Chaque fois que je suis interviewé par des journalistes, la dernière question est toujours la même : qu’est-ce que je prévois dans l’avenir du tatouage. Et je réponds toujours qu’aujourd’hui il est peut-être plus facile de prédire les investissements en bourse que de comprendre ce qui se passera dans le tatouage à l’avenir parce que son destin est toujours plus étroitement lié à la technologie et à la mentalité des nouveaux tatoueurs qui change radicalement à une vitesse vertigineuse.
Il y a encore une vingtaine d’années, un tatoueur devait être dessinateur. Il y a toujours eu des tatoueurs qui faisaient des walk-ins en copiant et tatouant simplement les croquis d’autres artistes, un classique de la Old School, par exemple. Mais la plupart d’entre eux écoutaient la demande du client, faisaient un dessin sur papier et réalisaient ensuite le tatouage.
L’apparition de l’Ipad a déclenché la première révolution, car la réalisation de dessins numériques à transférer sur la peau nécessitait beaucoup moins de préparation artistique, on pouvait annuler les lignes tracées en un clin d’œil, et à mi-chemin du dessin il suffisait d’un clic pour ajouter l’image en miroir. Par la suite, de nombreux programmes sont apparus, spécialement conçus pour les tatoueurs : des stylos qui créaient toutes sortes de motifs, des écailles de dragons et de serpents aux chaînes, en passant par les cordes… Il suffisait de déplacer le stylo sur l’écran et le tour était joué.
Aujourd’hui, de nombreux tatoueurs s’enthousiasment pour l’intelligence artificielle, ce qui signifie effectivement que l’habileté artistique manuelle commence à disparaître et, avec elle – ce qui me désole le plus – la créativité et l’intuition artistique du tatoueur. Pourquoi se donner la peine de trouver une façon de faire des pièces toujours fraîches et intéressantes quand il suffit de taper quelques mots et que l’IA vous propose tout ce dont vous avez besoin ? J’espère ne pas être le seul à avoir remarqué que les tatoueurs expriment de plus en plus souvent leur enthousiasme pour cette nouvelle voie sur les réseaux sociaux.

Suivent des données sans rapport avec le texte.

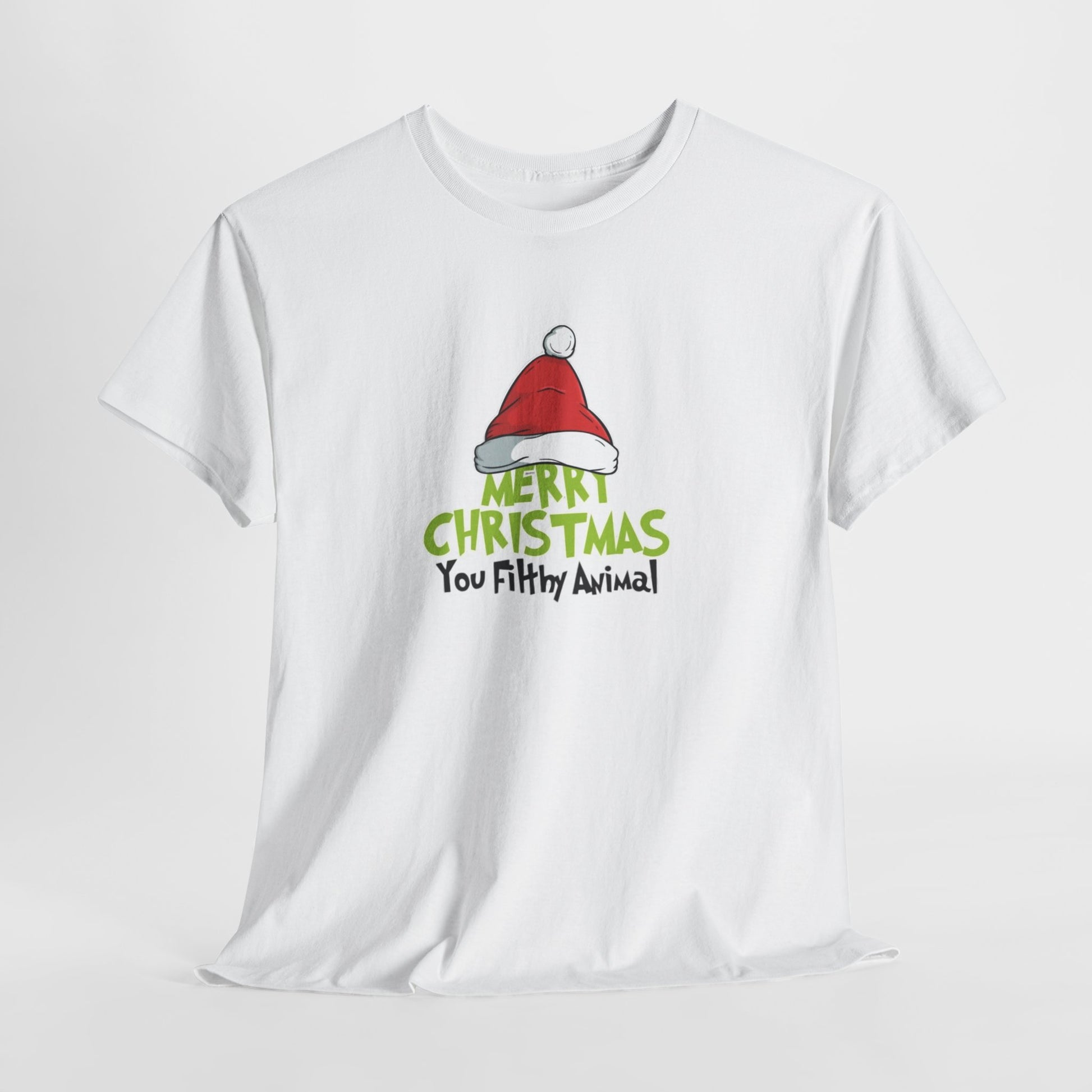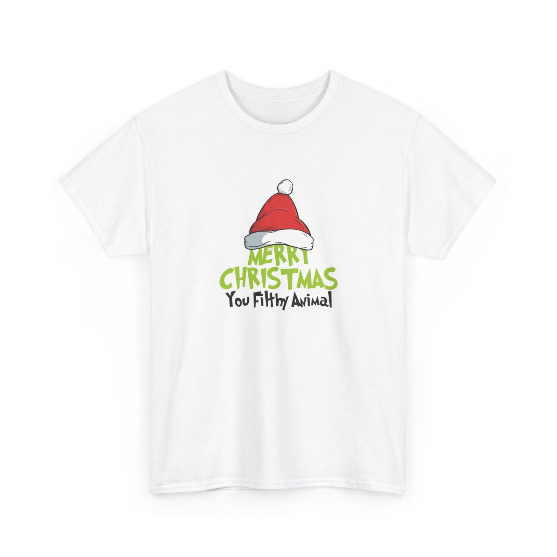 Spread holiday cheer with this festive tee featuring the funny phrase 'Merry Christmas You Filthy Animal'. Perfect for Christmas parties, gifting, and adding a touch of humor to the holiday season. Suitable for adults.

Sans s’apercevoir que le côté artistique humain s’estompe, ou plutôt s’étiole, empoisonné par la commodité qu’il faut désormais n’être qu’un bon exécutant pour tatouer. Il y a quelques jours, un tatoueur m’a envoyé une vidéo. Il s’agit d’une machine avec un écran sur lequel on peut choisir une quantité illimitée de motifs. Dans la vidéo, on peut voir comment, en posant l’écran directement sur une partie du corps, il ne faut que quelques secondes pour qu’un tatouage temporaire apparaisse sur la peau de la personne. Cela fait des années que l’on expérimente les imprimantes 3D afin de pouvoir produire des tatouages sans aucune intervention humaine. J’espère que cela n’arrivera jamais, mais malheureusement, depuis que les portes du tatouage se sont ouvertes à tout le monde, de plus en plus de personnes cherchent dans la technologie la solution ou plutôt la potion magique pour dépasser leurs limites artistiques et techniques…
Tout ce que je peux espérer, c’est que les vrais collectionneurs de tatouages continueront à exiger un vrai tatouage, qu’ils ne se contenteront pas d’un autocollant réalisé en dix minutes comme sur une chaîne de production. Espérons qu’ils voudront un dessin et une pièce réalisés et créés sur leur corps sur la base d’un échange humain, verbal et physique, ce moment singulier que nous partageons tous avec notre tatoueur.